NBN Tasmania has awarded Corning Cable Systems its second deal to supply the state's fibre optic cable to connect around 5000 homes by mid-2010 under the $38 million initial phase of the project.

Corning, which recently launched its fibre manufacturing plant in Clayton, Victoria, has sealed its second deal with NBN Tasmania under a contract with Aurora Energy, NBN Tasmania's construction partner. Corning was also selected in October to supply backhaul cables (see image) and was the cable supplier to Tasmania's test fibre to the home network, TasColt, built by Aurora Energy in 2005.

The first leg of the roll-out

The first leg of the roll-out.
(Credit: NBN Tasmania)

NBN Tasmania's parent, government-owned wholesale only telco, NBN Co, has also revealed via its interim website that the total cost of the initial phase of the Tasmanian project will be $38 million. The Tasmanian and Federal governments have kept quiet on the cost of the Tasmanian build; however, estimates for its total cost have ranged between $500 million to $700 million.
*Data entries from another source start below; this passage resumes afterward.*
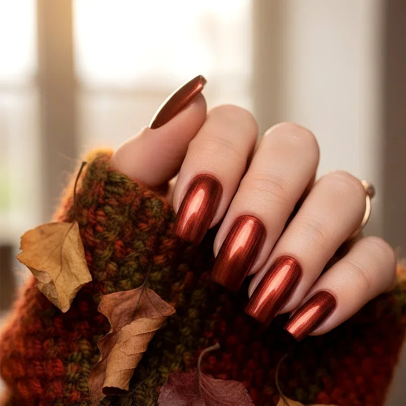 Copper metallic nails bring warmth and shine together, creating a stunning effect that catches light beautifully and screams autumn sophistication. This metallic shade sits between gold and bronze, offering unique warmth that complements the season's color palette perfectly and universally. Copper works beautifully as a full manicure or as an accent color paired with deep greens, burgundies, or chocolate browns. The reflective quality of metallic polish creates the illusion of longer, more elegant nails regardless of your natural nail length. Consider using copper chrome powder over a black base for an intense, mirror-like finish that's absolutely show-stopping and modern. Copper metallic nails pair exceptionally well with both casual and formal autumn outfits, making them versatile for any occasion you have planned.
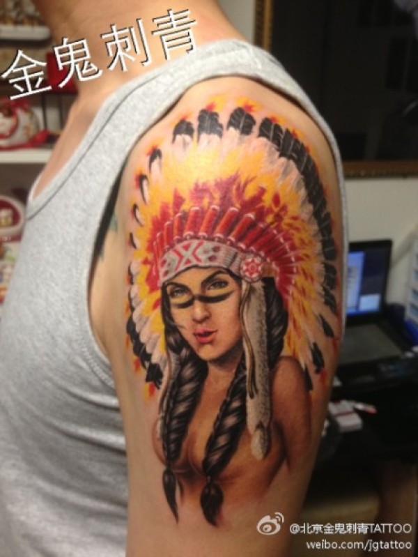 手臂漂亮的印第安美女纹身图案_臂部纹身图案大全_纹身图吧
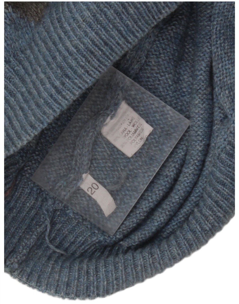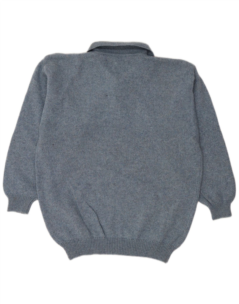 VINTAGE Mens Polo Neck Jumper Sweater Medium Blue Argyle/Diamond Wool
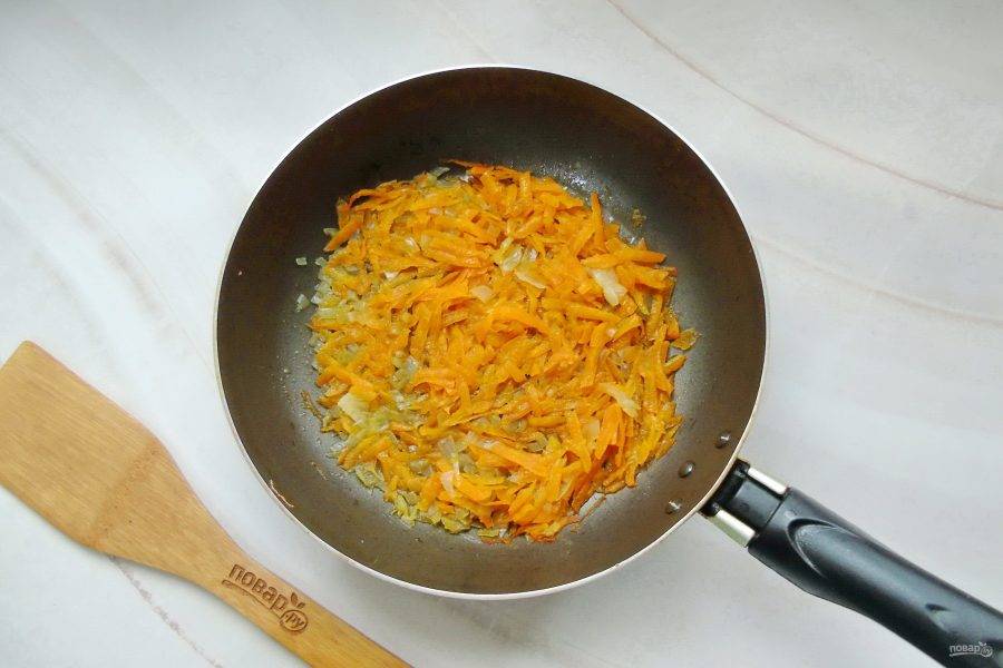 Лук и морковь очистите и помойте. Лук мелко нарежьте, а морковь натрите на терке. Выложите в сковороду с подсолнечным маслом и поджарьте до мягкости. Посолите по вкусу.

Minister for Communications Stephen Conroy was in Melbourne today to announce the Corning win, which will see fibre delivered to 5000 select households under Stage 1 of the roll-out. The total fibre roll-out will cover 200,000 households, while the remaining 10 per cent of the state will rely on wireless or satellite connections.

"Under this new contract, work will begin to connect the first homes and deliver services in Smithton, Scottsdale and Midway Point by mid-2010," said Conroy.

NBN Tasmania and Aurora Energy are now planning for Stage 2 of the roll-out, which will see the fibre network extended to Sorell, Deloraine, George Town, St Helens, Triabunna, Kingston Beach and South Hobart. The towns selected for early deployment are on or near the state's existing backhaul networks, currently used by government and utilities.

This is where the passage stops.